TASK DETAILS: Copy out again, unchanged, the listing below from the line that has "ガラス張りの共用棟「クリスタ" through the line that has "Tot aan GPS".

INFORMATION SHOWN:
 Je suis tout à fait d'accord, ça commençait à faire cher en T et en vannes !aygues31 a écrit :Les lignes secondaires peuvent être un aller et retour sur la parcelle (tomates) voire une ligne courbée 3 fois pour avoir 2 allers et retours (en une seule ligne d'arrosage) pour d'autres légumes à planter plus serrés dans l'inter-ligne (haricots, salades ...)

...

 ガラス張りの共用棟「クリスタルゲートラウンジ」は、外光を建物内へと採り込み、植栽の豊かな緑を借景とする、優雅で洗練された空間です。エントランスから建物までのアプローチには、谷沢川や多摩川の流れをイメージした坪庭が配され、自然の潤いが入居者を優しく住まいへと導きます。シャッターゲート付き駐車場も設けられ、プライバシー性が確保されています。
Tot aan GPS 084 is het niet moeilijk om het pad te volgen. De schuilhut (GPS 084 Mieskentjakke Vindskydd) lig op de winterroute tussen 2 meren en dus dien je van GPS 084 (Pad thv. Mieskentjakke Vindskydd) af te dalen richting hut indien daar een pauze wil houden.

...

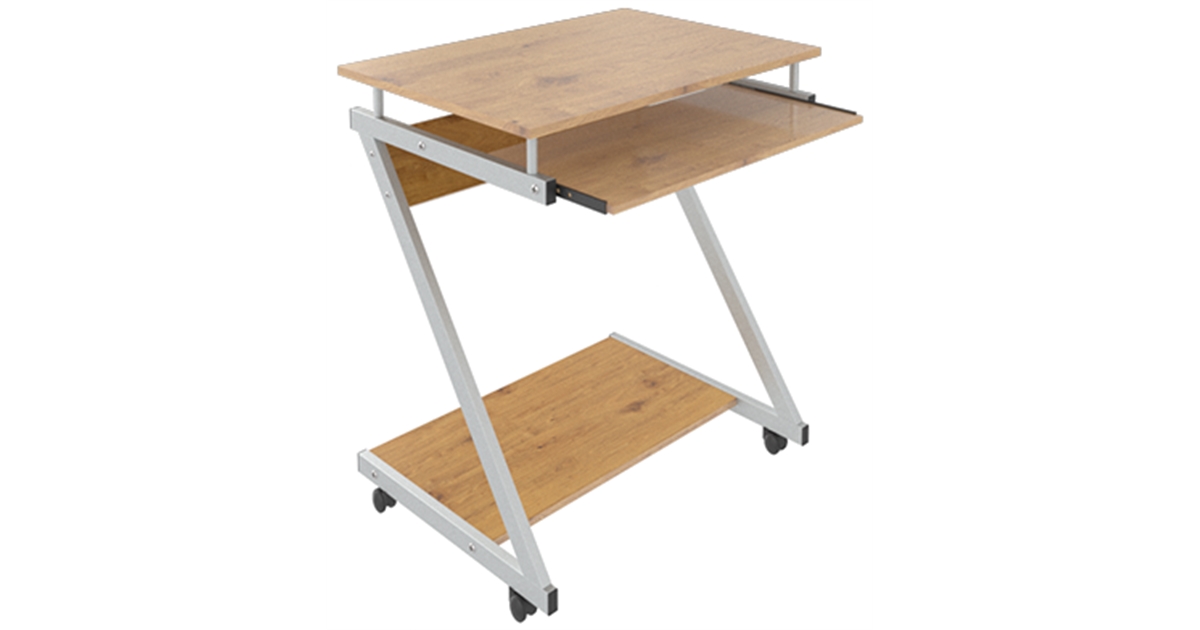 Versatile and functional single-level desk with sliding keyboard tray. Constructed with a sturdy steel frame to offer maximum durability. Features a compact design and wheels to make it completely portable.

WRITTEN REPLY:
 ガラス張りの共用棟「クリスタルゲートラウンジ」は、外光を建物内へと採り込み、植栽の豊かな緑を借景とする、優雅で洗練された空間です。エントランスから建物までのアプローチには、谷沢川や多摩川の流れをイメージした坪庭が配され、自然の潤いが入居者を優しく住まいへと導きます。シャッターゲート付き駐車場も設けられ、プライバシー性が確保されています。
Tot aan GPS 084 is het niet moeilijk om het pad te volgen. De schuilhut (GPS 084 Mieskentjakke Vindskydd) lig op de winterroute tussen 2 meren en dus dien je van GPS 084 (Pad thv. Mieskentjakke Vindskydd) af te dalen richting hut indien daar een pauze wil houden.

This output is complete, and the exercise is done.